Fassbinder was a remarkable change-up artist, shifting register, tone, and rhythm from project to project, and The BRD Trilogy is no exception. Maria Braun is a shoestring fall-and-rise epic, its self-made-woman narrative borrowed from films like Mildred Pierce (1945). The tone is amazingly acute, at once depressed and alert, and the pace feels driven by Maria’s own compulsion. Lola is a completely different cinematic animal, a war of fantasies and projections waged between the ebullient Schuckert and the clipped, proper von Bohm, with Lola wedging herself between them as power broker. It may be the most mobile of Fassbinder’s late films, shot in aggressively bright pastel shades and moving at a fairly breathless clip, accumulating bits of sharp, vivid detail like a high-velocity fan collecting flotsam from the air. Veronika Voss is something else again, a druglike immersion experience disguised as a Citizen Kane–like investigative inquiry, tonally very close to Fassbinder’s earlier In a Year of 13 Moons (In einem Jahr mit 13 Monden, 1978). The narrative of Robert’s investigation never gains much momentum, as the sense of skin-crawling anxiety stretches out to infinity in scene after scene. Every image hurts in this hypertactile, overstuffed world, shot in bric-a-brac-stuffed interiors in the most piercing black and white, closer to an X-ray than to high Hollywood.

Fassbinder was a genius with rhythm, and in each of these films he builds to set pieces of tremendous power and gravity.
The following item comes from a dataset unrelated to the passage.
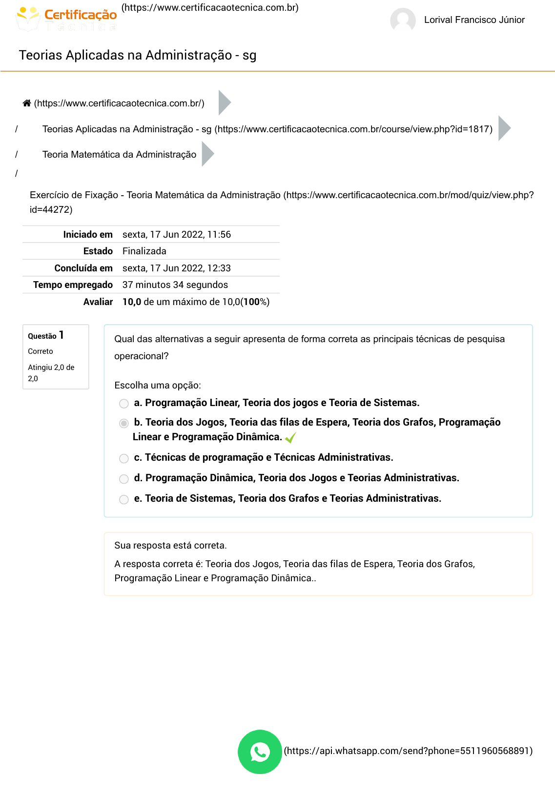 (https://www.certificacaotecnica.com.br) Lorival Francisco Júnior Teorias Aplicadas na Administração - sg Questão 1 Correto Atingiu 2,0 de 2,0 / / / Iniciado em sexta, 17 Jun 2022, 11:56 Estado Finalizada Concluída em sexta, 17 Jun 2022, 12:33 Tempo empregado 37 minutos 34 segundos Avaliar 10,0 de um máximo de 10,0(100%) Qual das alternativas a seguir apresenta de forma correta as principais técnicas de pesquisa operacional? Escolha uma opção: a. Programação Linear, Teoria dos jogos e Teoria de Sistemas. b. Teoria dos Jogos, Teoria das filas de Espera, Teoria dos Grafos, Programação Linear e Programação Dinâmica. c. Técnicas de programação e Técnicas Administrativas. d. Programação Dinâmica, Teoria dos Jogos e Teorias Administrativas. e. Teoria de Sistemas, Teoria dos Grafos e Teorias Administrativas. Sua resposta está correta. A resposta correta é: Teoria dos Jogos, Teoria das filas de Espera, Teoria dos Grafos, Programação Linear e Programação Dinâmica.. (https://www.certificacaotecnica.com.br/) Teorias Aplicadas na Administração - sg (https://www.certificacaotecnica.com.br/course/view.php?id=1817) Teoria Matemática da Administração Exercício de Fixação - Teoria Matemática da Administração (https://www.certificacaotecnica.com.br/mod/quiz/view.php? id=44272) (https://api.whatsapp.com/send?phone=5511960568891) https://www.certificacaotecnica.com.br/ https://www.certificacaotecnica.com.br/ https://www.certificacaotecnica.com.br/course/view.php?id=1817 https://www.certificacaotecnica.com.br/mod/quiz/view.php?id=44272 https://api.whatsapp.com/send?phone=5511960568891 https://api.whatsapp.com/send?phone=5511960568891 https://api.whatsapp.com/send?phone=5511960568891 https://api.whatsapp.com/send?phone=5511960568891 Questão 2 Correto Atingiu 2,0 de 2,0 Questão 3 Correto Atingiu 2,0 de 2,0 O ponto focal da abordagem quantitativa é a tomada de decisão, ou seja, a Teoria da Matemática. Sob quais perspectivas a abordagem quantitativa toma decisões? Escolha uma opção: a. Sob a perspectiva do problema e a perspectiva da matemática. b. Sob a perspectiva do processo e a perspectiva do problema. c. Sob a perspectiva do setor e a perspectiva do gestor. d. Sob a perspectiva das regras e a perspectiva das soluções. e. Sob a perspectiva do analista e a perspectiva do gestor. Sua resposta está correta. A resposta correta é: Sob a perspectiva do processo e a perspectiva do problema.. Entre as alternativas a seguir, qual apresenta de forma correta os três aspectos básicos comuns à abordagem da pesquisa operacional na tomada de decisões administrativas? Escolha uma opção: a. O uso da tecnologia, as ferramentas matemáticas e as normas que não avaliam a lógica. b. A utilização de um sistema existente, as pessoas e os sentimentos relacionados ao problema evidenciado pela equipe. c. A visão sistêmica, a aplicação de métodos científicos e subjetivos. d. A utilização de métodos científicos, matemáticos e sem o uso da lógica. e. Visão sistêmica dos problemas, uso do método científico e técnicas específicas. Sua resposta está correta. A resposta correta é: Visão sistêmica dos problemas, uso do método científico e técnicas específicas. . (https://api.whatsapp.com/send?phone=5511960568891) https://api.whatsapp.com/send?phone=5511960568891 https://api.whatsapp.com/send?phone=5511960568891 https://api.whatsapp.com/send?phone=5511960568891 Questão 4 Correto Atingiu 2,0 de 2,0 Questão 5 Correto Atingiu 2,0 de 2,0 Quando nos referimos ao processo de tomada de decisão, podemos afirmar que a escolha entre um modelo ou outro é fundamental na obtenção do sucesso. Dentre as alternativas a seguir, qual apresenta de forma correta o modelo racional? Escolha uma opção: a. O tomador de decisões não tem informações perfeitas, não é racional e sempre tem em mente os melhores interesses da organização. Por isso, ele escolherá a primeira alternativa minimamente aceitável. b. Para os processos de decisão racional, as organizações deixam em aberto o número de possibilidades para que os funcionários possam opinar livremente, sem fixar pressupostos a serem atingidos. c. O tomador de decisões tem: informações perfeitas e uma lista exaustiva de alternativas dentre as quais pode escolher. Ainda, ele é racional e sempre tem em mente os melhores interesses da organização. d. O modelo racional é estabelecido pelas organizações com o objeto de implantar processos decisórios baseados em informações que ocasionalmente podem ser imperfeitas e também incompletas. e. O tomador de decisões nem sempre tem informações perfeitas, muitas vezes, não tem um conjunto completo de alternativas ou não entende plenamente aquelas que estão à disposição. Sua resposta está correta. A resposta correta é: O tomador de decisões tem: informações perfeitas e uma lista exaustiva de alternativas dentre as quais pode escolher. Ainda, ele é racional e sempre tem em mente os melhores interesses da organização.. Podemos considerar como uma das limitações da Teoria Matemática da Administração: Escolha uma opção: a. As condições necessárias para que seja possível aplicar a teoria em todos os níveis organizacionais. b. Todas os problemas são reduzidos a números ou expressões matemáticas, mas nem todos eles podem ser mensurados matematicamente. c. A preocupação com a competição dos jogos e a realização de incursões na estratégia organizacional. d. O grande arcabouço teórico e epistemológico que envolve essa teoria e dificulta sua aplicação. e. A complexidade que envolve a Teoria Matemática, dificultando sua aplicação no nível operacional das empresas Sua resposta está correta. A resposta correta é: Todas os problemas são reduzidos a números ou expressões matemáticas, mas nem todos eles podem ser mensurados matematicamente.. (https://api.whatsapp.com/send?phone=5511960568891) https://api.whatsapp.com/sen

There are terrific small-scale events, like the battle between Maria’s lover and the newly returned Hermann in a darkened bedroom, Lola and von Bohm making sweet harmony in a country church, or Veronika’s midaction breakdown on a film set (the director is modeled on Max Ophuls––he’s trying to get a good take of a dolly-in). But the most memorable moments are musical. One of the finest scenes of the seventies is Maria’s slow walk into the American army canteen in her best dress. “Will you dance with me, Mr. Bill? My man is dead,” says Maria in English, and the opening chords of Glenn Miller’s “Moonlight Serenade” hit, as she and Bill (George Byrd) break into a sad slow dance. Lola’s showstopper comes with von Bohm’s realization that his supposedly chaste beloved is the most coveted item in the local brothel, prompting Sukowa to push her nightly rendition of “The Fishermen of Capri” way over the top, with a rollicking performance of wildly aggressive energy. The “climax” of Veronika Voss is her farewell party, crosscut into crystalline shards by Fassbinder, ending with Veronika’s funereal rendition of Dean Martin’s “Memories Are Made of This.”
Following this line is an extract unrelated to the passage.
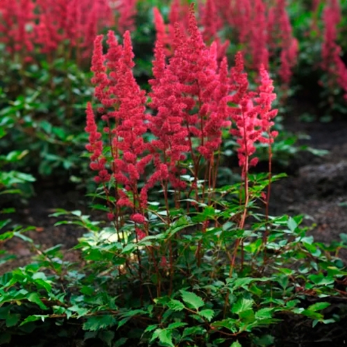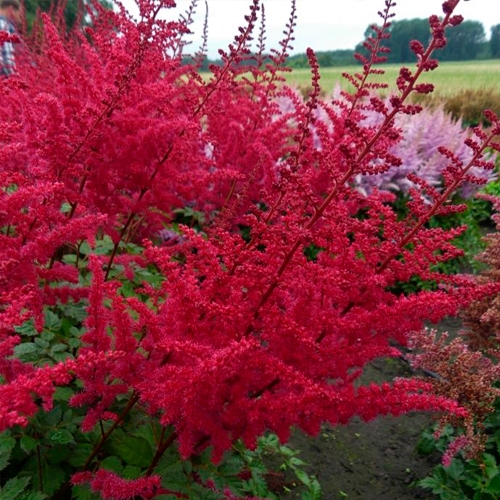 Впечатляющее декоративное многолетнее растение, отличающееся яркими красными цветами и высоким ростом. Растение достигает высоты 60-80 см, что делает его одним из самых высоких сортов астильбы. Листья ярко-зеленые, перисто-рассеченные, создающие красивый фон для цветков. В июле-августе оно цветет, образуя огромные метелки ярко-красных цветков, которые привлекают внимание и становятся центром композиции в саду.

This was a director who knew how to give his endings the force of a blow to the solar plexus. Fassbinder made only minimal changes to Märthesheimer and Fröhlich’s screenplays, but he did revise their endings, turning each into a refrain. Von Bohm returns to the pastoral paradise where he “deflowered” Lola, accompanied by her young daughter, who unwittingly recreates her mother’s provocative pose in the hayloft, a harbinger of future sellouts. Veronika dies of withdrawal in a locked room, once again suffering to the strains of Johnny Horton’s “The Battle of New Orleans,” after which Robert takes a somber taxi ride back to the 1860 Munich stadium. Most memorably of all, Maria Braun scurries back and forth in her luxurious new house, past her taciturn, immobile husband, as Herbert Zimmermann’s ecstatic commentary on the 1954 world soccer championship blares over the radio: a gas stove, a lit cigarette, and a second explosion that feels like a deliverance from a future of ruinous illusions. 

Maria Braun, Veronika Voss, Lola, Robert, von Bohm, Schuckert, Hermann . . . characters at once real and allegorical, trying to make their way through a misbegotten postwar Germany. Fassbinder dedicated his final energies to bringing these lost, gray years back to life, perhaps because they offered the clearest and least obstructed view of humanity at its most vulnerable.